Since these changes involved the regulation of glucose utilization
by the brain, the researchers predicted that interrupting SWS would
lead to the pre-diabetic state. The fact that type II diabetes and
sleep disorders – such as sleep apnea – are often associated,
provided further support for the theory.
Results
of SWS interference
The investigators tested their hypothesis on five men and four
women. The subjects were wired with electrodes and allowed to sleep
for eight hours on three consecutive nights.
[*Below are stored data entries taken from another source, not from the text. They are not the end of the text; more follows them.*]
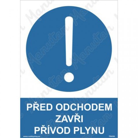 Značky, tabulky a samolepky "Před odchodem zavři přívod plynu" tiskneme na velmi kvalitním materiálu, barvami s vysokou odolností proti otěru a UV záření. Tak, aby provedení značení bylo plně v souladu s Nařízením vlády č. 375/2017 Sb., ČSN ISO 3864 a ČSN ISO 3864-1. Bezpečnostní tabulky a samolepící fólie nařizují vypnutí přívodu plynu před odchodem pracovníka. Tyto tabulky pomáhají zvyšovat bezpečnost práce.Příkazové tabulky - Před odchodem zavři přívod plynu
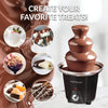 Impress quests with elegance and style at any special event. This chocolate fountain creates a decadent cascade of sweetness that will add mouth-watering fun to any occasion. Simply pour the recommended amount of melted white or dark chocolate into the base and switch on the motor. Watch as the chocolate is carried to the top of the tower where it flows down each tier in a mesmerizing display. Provide guests with fresh strawberries, marshmallows, pretzels, cookies, and other goodies for dipping. Cheese and barbeque sauces may also be used. The fountain easily disassembles for quick cleanup. Create a beautiful addition to any dining table, as well as an impressive display at events or casual gatherings with friends and family.
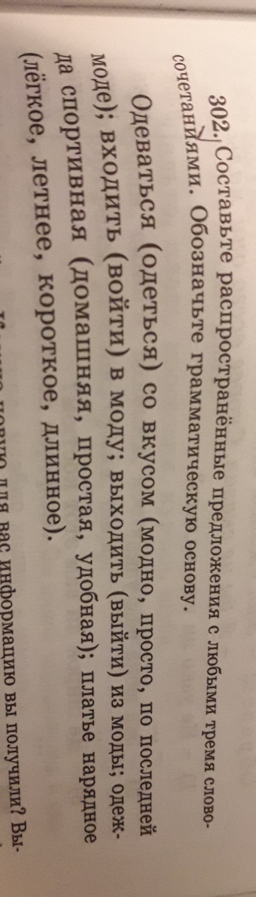 Составьте распространенные предложения с любыми двумя сочетаниями обозначьте их грамматическую основу( 302 упр) помогите пожалуйста даю 20 балла!!!
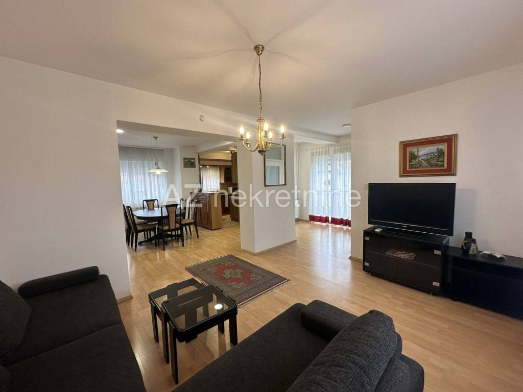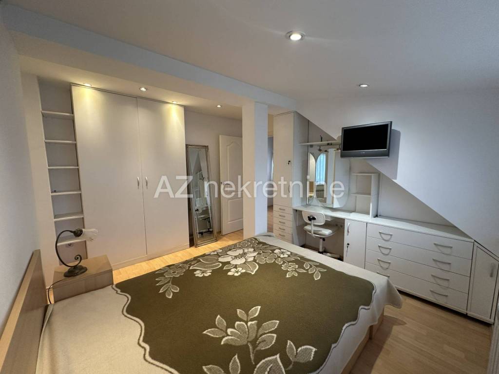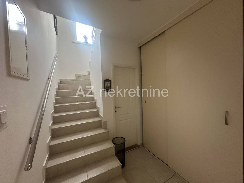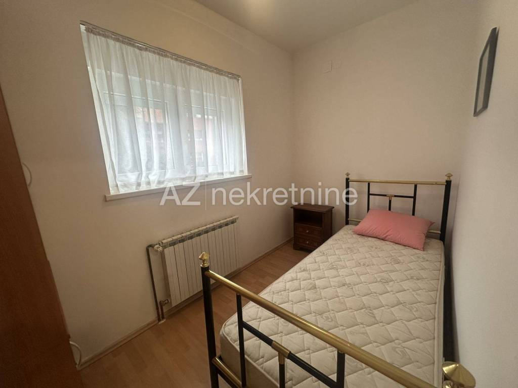 Na parceli od 454 m2, iznajmljuje se dvojna kuća sa prekrasnom okućnicom i garažom. Kuća se sastoji od podrumskog dijela u kojem se nalazi kupaonica i prostorija koja može poslužiti za teretanu, igraonicu ili praonicu rublja, dok se u visokom prizemlju nalazi ulazni prostor, kupaonica, jedna veća soba sa izlazom na dvorište i terasu, te manja spavaća soba. Na prvom katu nalazi se dnevni boravak sa blagovaonicom i kuhinjom, te toaletom. Dok se na drugom katu nalazi kupaonica i dvije spavaće sobe.
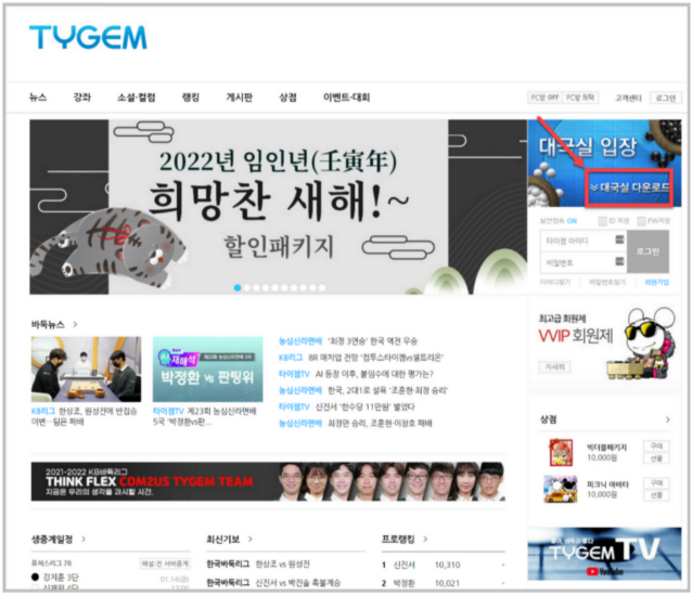 타이젬 홈페이지의 우측 상단에는 '대국실 다운로드'라는 문구가 있습니다. 해당 문구를 클릭하면 타이젬바둑에서 제공하는 게임 클라이언트를 다운로드할 수 있습니다. 설치 과정은 어렵지 않으며, "다음"을 선택하면 쉽게 설치할 수 있습니다.
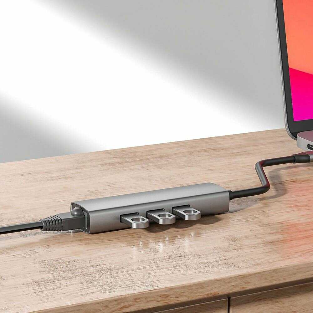 ORIENT Сетевая карта USB 3.2 Gen1 + USB-хаб на 3 порта ( JK-340N)
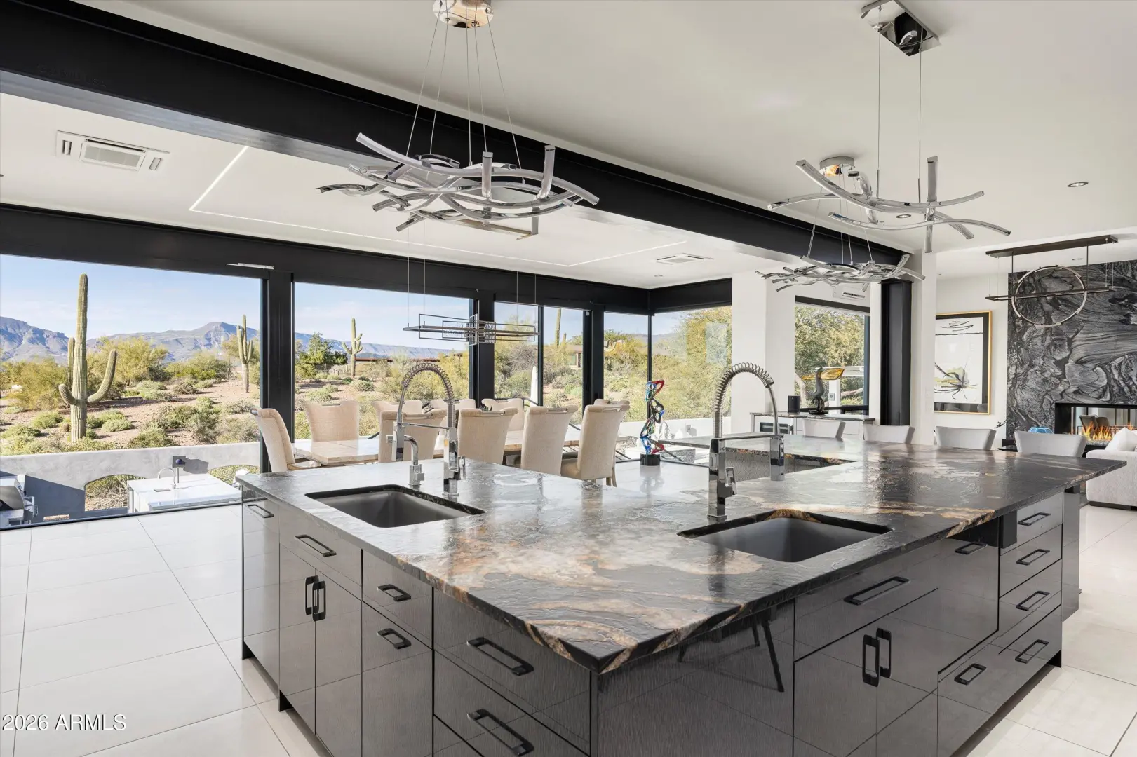 A striking contemporary desert estate set on 2.1 acres with panoramic mountain views, in a quiet & private pocket of Cave Creek on a desirable north south lot. Completely reimagined & expanded in 2020, this residence showcases modern architecture defined by clean lines, expansive glass, & a seamless indoor outdoor connection that makes you feel immersed in the surrounding desert. Thoughtfully curated finishes, emphasizing quality materials & custom detailing. The home has 4 ensuite bedrooms, including 2 primary suites, with the main retreat opening to a private view deck with pool access. Resort style backyard with kitchen & dining, fire pit, a statement pool & lounging gazebo, & existing equestrian amenities complete the property. Minutes from dining, art galleries, shopping, & hiking.
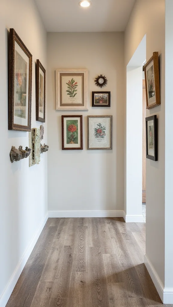 Don’t forget about sculptures or ceramic pieces on a console table for added dimension. Choose pieces that align with your color palette for a cohesive look. Leave space for breathing room; a few well-placed artworks can transform your hallway into a conversation starter.
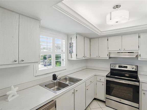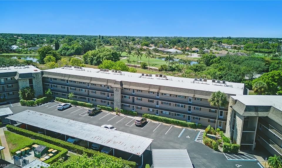 Amazing, SERENE WATER VIEWS from this SECOND FLOOR - 2-bedroom, 2- bath condo with 1,071 sq. ft of living space... Ideally located just a short drive from the beautiful beaches of Naples, Florida. LOW CONDO FEE INCLUDES CABLE AND INTERNET!! The KITCHEN has stainless steel appliances, and a CONTEMPORARY DESIGNED trayed ceiling with new lighting fixture....The primary bedroom suite has an oversized closet and ensuite bath...The GUEST SUITE has a pocket door separating it from the main living area with adjacent guest bath. Updated ALL TILE FLOORING - easy-to-care-for in every room...This unit also has a rear screened lanai overlooking a waterway, golf course and incredible BIRD WATCHING!! PLANTATION SHUTTERS throughout gives this condo a very modern appearance...BONUS: an assigned covered carport!! Enjoy the convenience of being next door to a PUBLIC GOLF COURSE...just bring your clubs! Nearby is Naples 5th Avenue shopping and dining …Marco Island is also just a short drive away for more beach and water adventures, dining, and entertainment. Whether you like shelling on the beautiful Florida beaches, GOLFING, or just sitting with friends around the pool, this condo offers the perfect blend of comfort, location, and lifestyle....55 + Community...Buyer to verify all information.
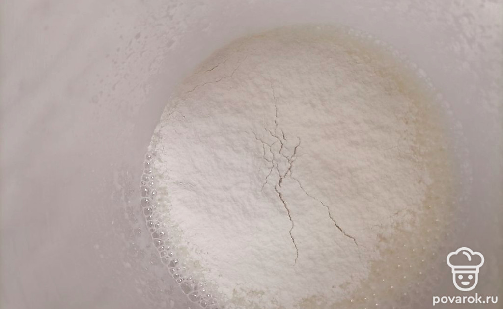 Постепенно добавьте муку и разрыхлитель и замесите тесто.
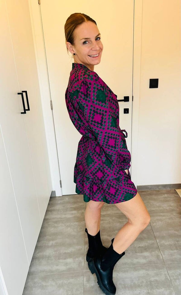 Patronenkleedje met groene tekening met lint , is 1 maat goed voor maat 36 tot kleine 42
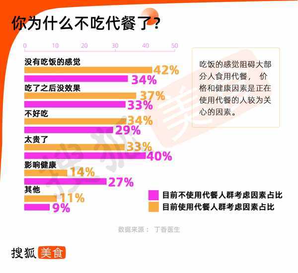 代餐品类正在被很多人质疑,伴随而来的是大量消费者的流失。对于正在食用代餐的人群来说,超40%的人认为吃代餐并没有吃饭的感觉,对于尚未食用代餐的人群,平均每餐20-30元的价格成为阻碍他们购买代餐的主要因素。
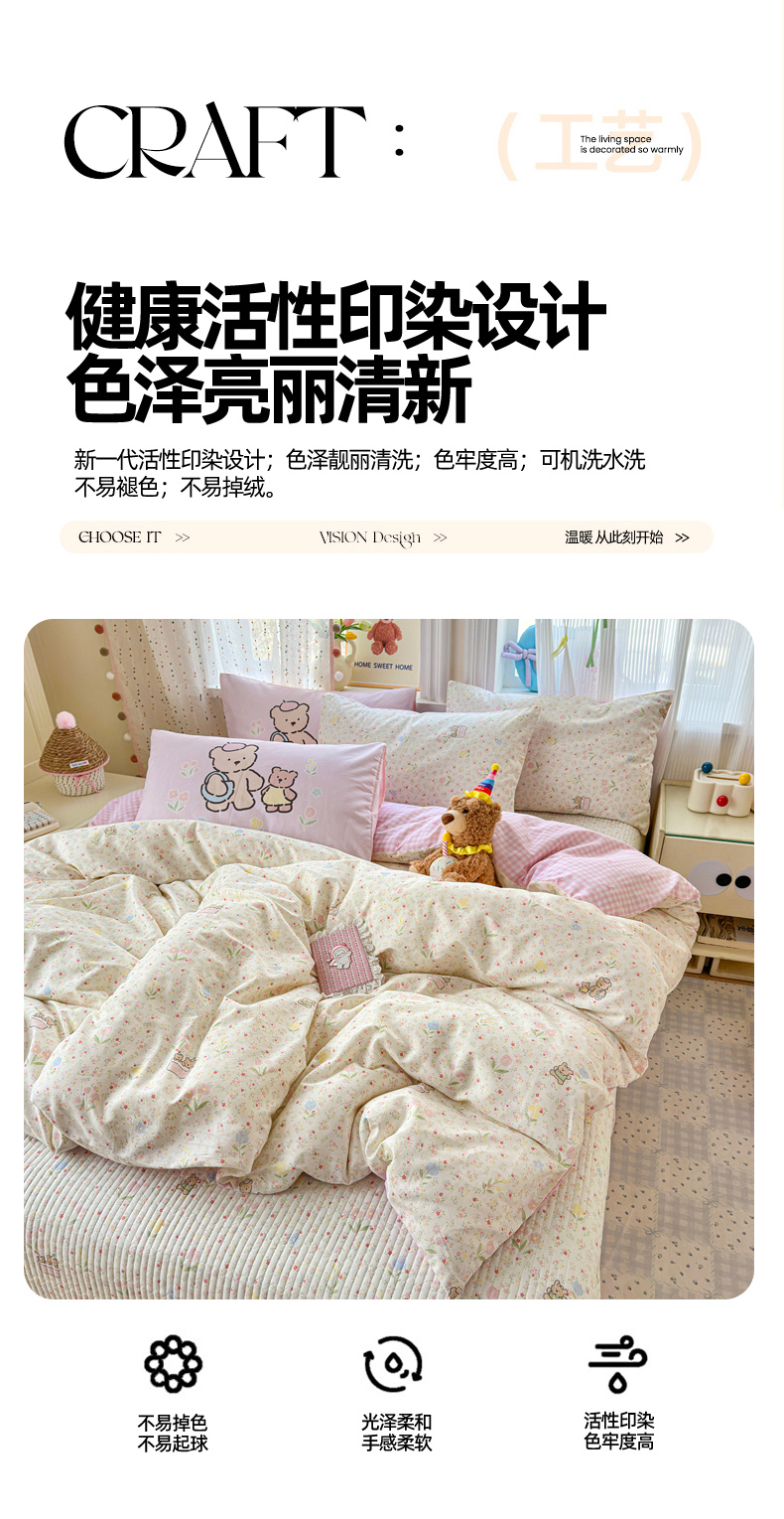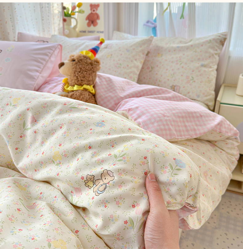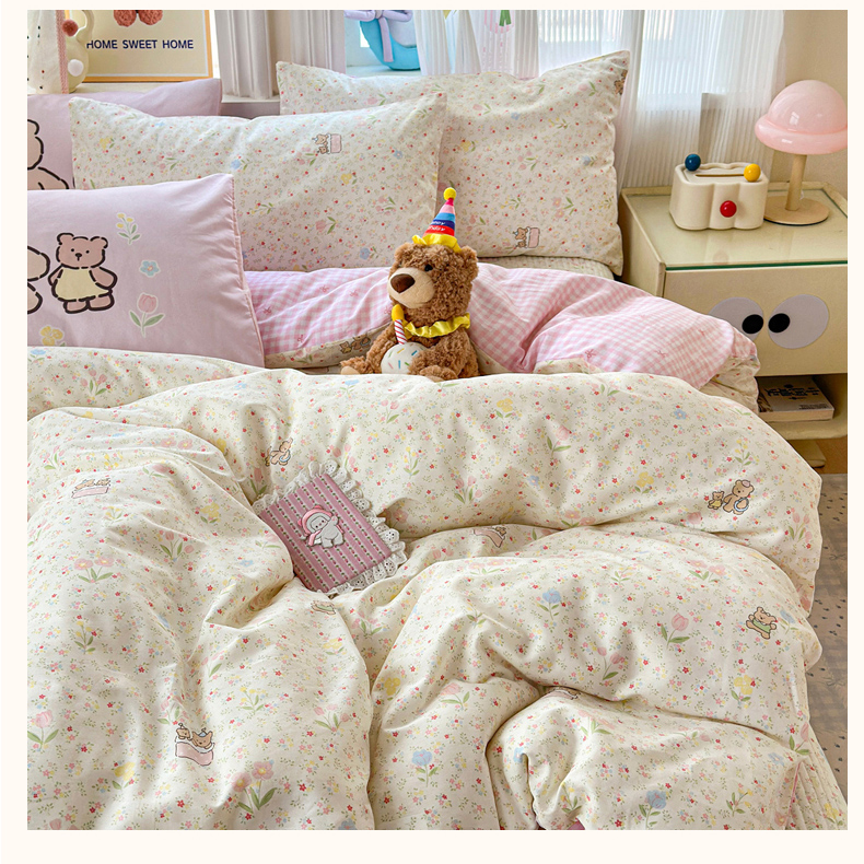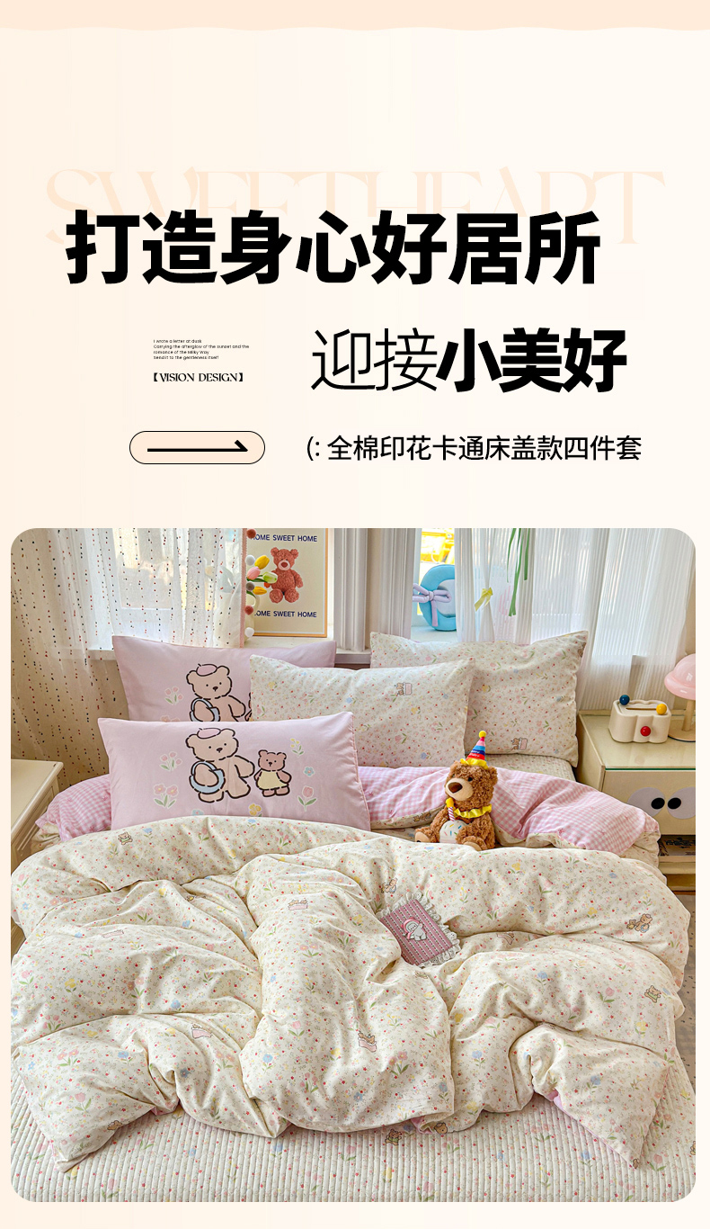 当前位置: 91家纺网 > 商品网购 > 床品套件 > 四件套 > 全棉普通四件套 > Sweet dreams甜梦 2026新款小清新卡通全棉纯棉印花床盖四件套 碎花小熊
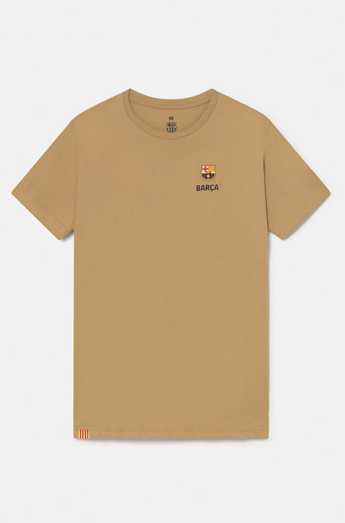 Camiseta de manga corta con rotulación de “Barça” y el logo de Nike centrados en el pecho. Detalle de escudo del F…
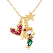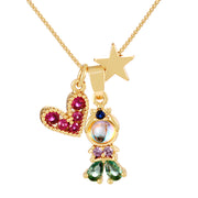 Fashion Golden 1 Copper Paved Zirconia Heart Princess Pendant Necklace
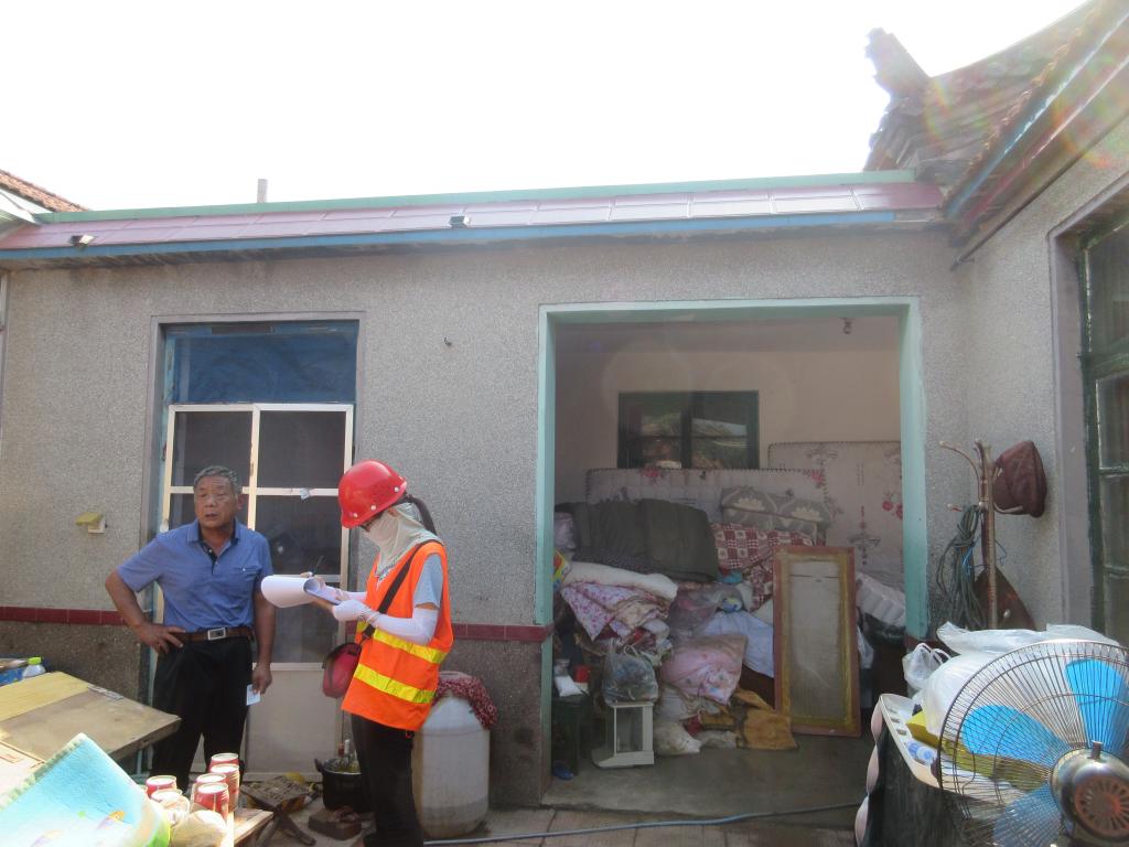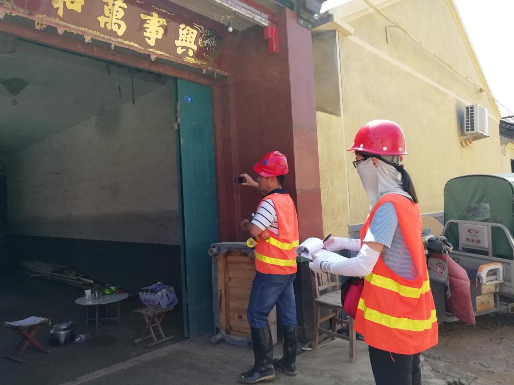 鉴定技术组随后展开工作,两人一组,深入村庄一线。所到村庄,经历过最深吃水线的近1.5米,很多村民房屋进水,同时,村民返村心情急切,对房屋质量心存担忧。在村委的带领下,鉴定技术组成员们一边组织现场拍照和记录,认真开展鉴定工作,一边做村民思想工作。鉴定技术组的成员始终连轴工作,毫无怨言,白天走村入户,开展房屋普查鉴定;晚上讨论鉴定结果,起草鉴定报告,直到到凌晨一两点钟。五天时间,鉴定技术组先后完成了营里镇河涯子村、牟家营村、李家湾村三个村庄的普查鉴定,以及齐家黑冢子村和周家庄子村的复核工作,并按照国家标准,以统一普查尺度和意见,明确村民受损房屋定级。

Each night, the
subjects were presented with acoustic tones to prevent them from
entering SWS without waking them. In other words, the subjects all
slept through the night, but were deprived of their SWS.
Blood samples
were drawn periodically to determine glucose levels and glucose
tolerance. The results showed a 25% decrease in insulin
sensitivity, the capacity of cells to take-up glucose from the
blood, compared to baseline levels (glucose sensitivity without SWS
interference). A similar decrease in insulin sensitivity has
been recorded in people at high risk for developing type II
diabetes.
The results of
the University of Chicago study imply that SWS plays an important
role in the body as a whole. Just as it is on the neuro-behavioral
side, slow wave sleep seems to be critical to physiological
hormonal balance (homeostasis).
Changing
what we can
Granted, we can’t do much about our genetic constitution. Nor can
we reverse the aging process (at least not yet). But there are
steps we can take to maintain and/or increase our SWS
time:
1. Keep
psychological stress to a minimum.
2. Exercise regularly and maintain a healthy weight.
3. Follow a nutritious diet, high in fruits, berries, vegetables
and legumes.*
In other words, a
healthier lifestyle can help to promote slow wave sleep, which may
be the real key to a restoring, good night’s rest.